● YOUR INSTRUCTIONS:
The line containing "Basic Slate Cordless" marks the start of the required copy, which runs to the final line of the entries; return those lines exactly, without any pictures.

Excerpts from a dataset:
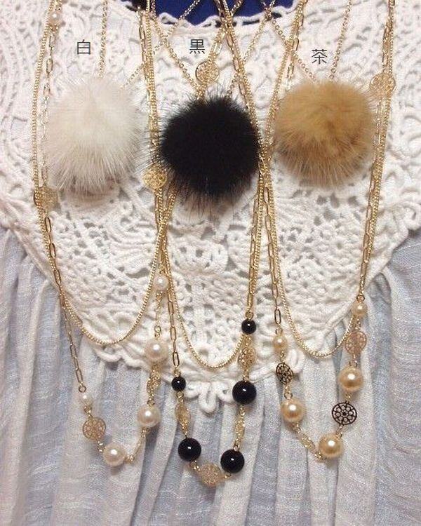 大きめなミンクがアクセントの新作3連ジャラネックレスです。
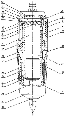 По мере совершения ударником рабочего хода давление воздуха в камере 4 и сообщенной с ней посредством канала форсажа 23 камере 18 будет увеличиваться. При последующем перекрытии ударником 2 канала форсажа 23 давление воздуха в камере 18 будет интенсивно повышаться до уровня сетевого, благодаря его непрерывному поступлению в камеру через впускной дроссельный канал 15, проточку 16, канал 17 из сетевой камеры 22. Повышенное давление воздуха в камере 18 не сказывается на повышении противодавления в камере 4, поскольку они разобщены и противодавление в камере 4 будет характеризоваться только давлением воздуха, поступившего в нее посредством канала 15, проточки 16 и канала 7 запуска. Под действием разницы импульсов давлений в камерах 3 и 4 ударник 2 наносит удар по хвостовику 28 инструмента 29 и описанный рабочий процесс будет повторяться с той разницей, что холостой ход ударника будет формироваться также при участии импульса отскока ударника от хвостовика инструмента.
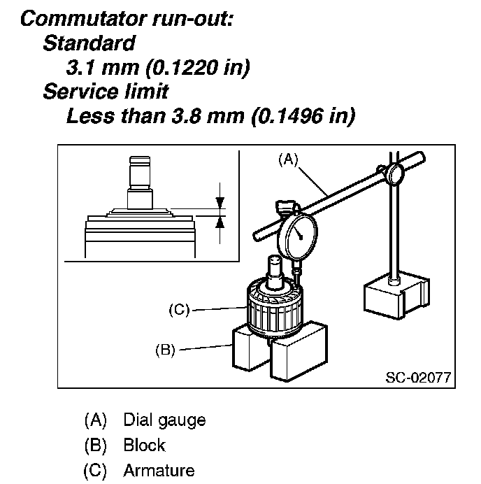 Check the commutator for run-out, and then replace if it exceeds the limit.
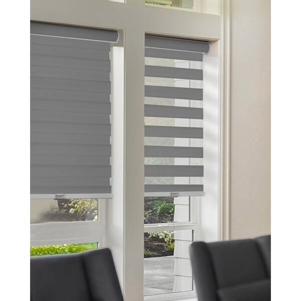 Basic Slate Cordless Cut-to-Width Light Filtering Dual Layer Zebra Roller Shade 63 in. W x 72 in. L
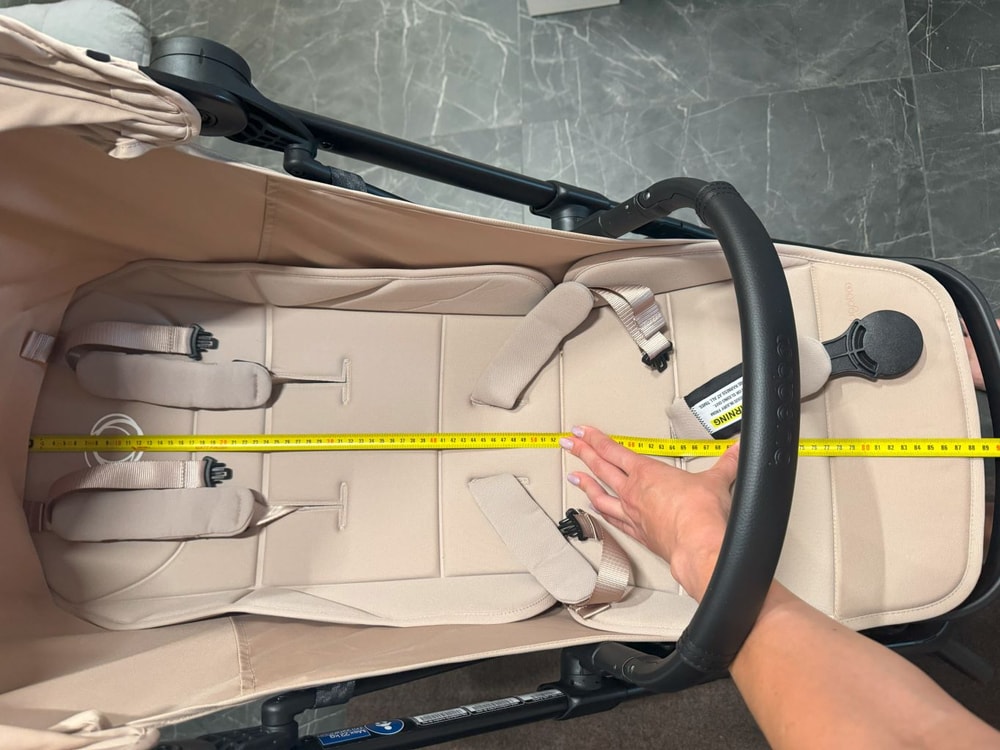 В остальном она мне скорее не понравилась: ручка высокая, даже слишком, но бестолковая, вынос относительно задней оси плохой- я наступила несколько раз и дважды за 5 минут катания случайно поставила коляску на тормоз (у меня рост 175см)

● RESPONSE TO THIS EXERCISE:
 Basic Slate Cordless Cut-to-Width Light Filtering Dual Layer Zebra Roller Shade 63 in. W x 72 in. L
 В остальном она мне скорее не понравилась: ручка высокая, даже слишком, но бестолковая, вынос относительно задней оси плохой- я наступила несколько раз и дважды за 5 минут катания случайно поставила коляску на тормоз (у меня рост 175см)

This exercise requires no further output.